Longwood University had one of the best field hockey programs in the country. It’s the reason Dayton ended up in Farmville. In the second semester of her freshman year, she picked up a lacrosse stick for the first time. Many of her teammates did the same.

They didn’t really have a choice. Longwood’s field hockey coach, Dee McDonough, also was the Lancers’ lacrosse coach. Longwood is a small school. Recruits weren’t exactly banging down the door to play lacrosse there. So McDonough did the next best thing and recruited her field hockey team.

That bit of ingenuity set in motion one legendary, if unexpected lacrosse career. national team, and now has a spot in the National Lacrosse Hall of Fame the first player from Longwood to join the pantheon of lacrosse greats.

It was a difficult destination to envision that first winter in Longwood’s gym. Dayton liked how fast lacrosse was, and how the game lent itself to creativity. But despite her coach’s insistence, she didn’t see the point of cradling. It just seemed like an unnecessary motion to slow everything down.

Dayton’s first lacrosse game came against William and Mary. The Indians were filled with experienced players from up north. They cradled, and yet they still played fast. Longwood lost 20 6.

“I remember thinking, ‘So that’s what our coach meant,'” Dayton said. “‘So that’s how you play the game.'”

Dayton did eventually learn to cradle and she eventually became one of the best in her generation to play lacrosse.pandora charms She led Team USA in scoring at the 1986 World Cup. In 1987 she won the Beth Allen Award as the national team’s most outstanding player.

The quick turn from lacrosse novice to national team star was helped by the fact that Longwood gave Dayton plenty of time to learn lacrosse’s intricacies. Farmville was little more than the school, a McDonald’s and a pizza shop.
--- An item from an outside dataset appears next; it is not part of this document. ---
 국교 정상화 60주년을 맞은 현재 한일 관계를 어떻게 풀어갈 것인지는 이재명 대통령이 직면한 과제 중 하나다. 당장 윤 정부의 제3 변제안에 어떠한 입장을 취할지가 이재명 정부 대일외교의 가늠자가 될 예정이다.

There wasn’t much else to do but play sports.

“It was a bit like ‘Cheers,'” Dayton said. “Everybody knew your name.”

It also helped that Jane Miller, a future Hall of Famer herself who would go onto become one of Dayton’s best friends and mentors, arrived to coach Longwood’s lacrosse team midway through Dayton’s collegiate career.

“She was a masterful coach,” Dayton said. “We learned so much under her.”
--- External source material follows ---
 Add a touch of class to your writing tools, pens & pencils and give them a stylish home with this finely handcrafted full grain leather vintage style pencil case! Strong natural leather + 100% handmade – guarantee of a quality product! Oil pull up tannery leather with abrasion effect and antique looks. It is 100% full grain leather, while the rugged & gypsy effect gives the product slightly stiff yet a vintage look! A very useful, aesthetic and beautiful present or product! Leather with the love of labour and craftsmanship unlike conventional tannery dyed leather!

Miller, who would later coach Dayton on Team USA and coach alongside her at Virginia, and Josie Harper, who brought Dayton to Dartmouth as a field hockey coach, would become Dayton’s two greatest professional influences. team until her 30th birthday. She figured it was the right time to step away. The makeup of the team looked a lot like it does today. A lot of women from big schools like Maryland and Virginia. Dayton and Dee Cross, from Shippensburg, had an inside joke. They called themselves “the outliers.”

Sometimes statisticians don’t know how to attribute the presence of an outlier. Sometimes it’s just an error in the measurement. Not so with Dayton. From her parents who always supported her, to the high school coach who advised her to get the scholarship guide, to the college coach who put a stick in her hand, to Miller and Harper, Dayton can pinpoint the reasons for her surprising path to lacrosse stardom.
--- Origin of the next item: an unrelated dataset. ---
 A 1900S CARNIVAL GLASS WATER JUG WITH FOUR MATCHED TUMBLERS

But could an outlier like Dayton even exist today?

“On one hand I sit there and go, ‘Wow, I wish I could have had more chances to play and get better, with fall ball and the tournaments all summer,'” Dayton said. “On the other hand, whew wee, am I glad I played when I did. It’s hard to know if you can compete with these kids. I certainly would have tried hard. No one would have out trained me.”

This year’s nine person class will be officially inducted in a ceremony on Saturday, September 10, at The Grand Lodge in Hunt Valley, Md.

The 2016 inductees are: Margie Anderson, Kim Basner, Joanne Connelly, Julie Dayton, Michele LeFevre Doyle, Glen Miles, Mike Morrill, Robert Shek, and John Tucker.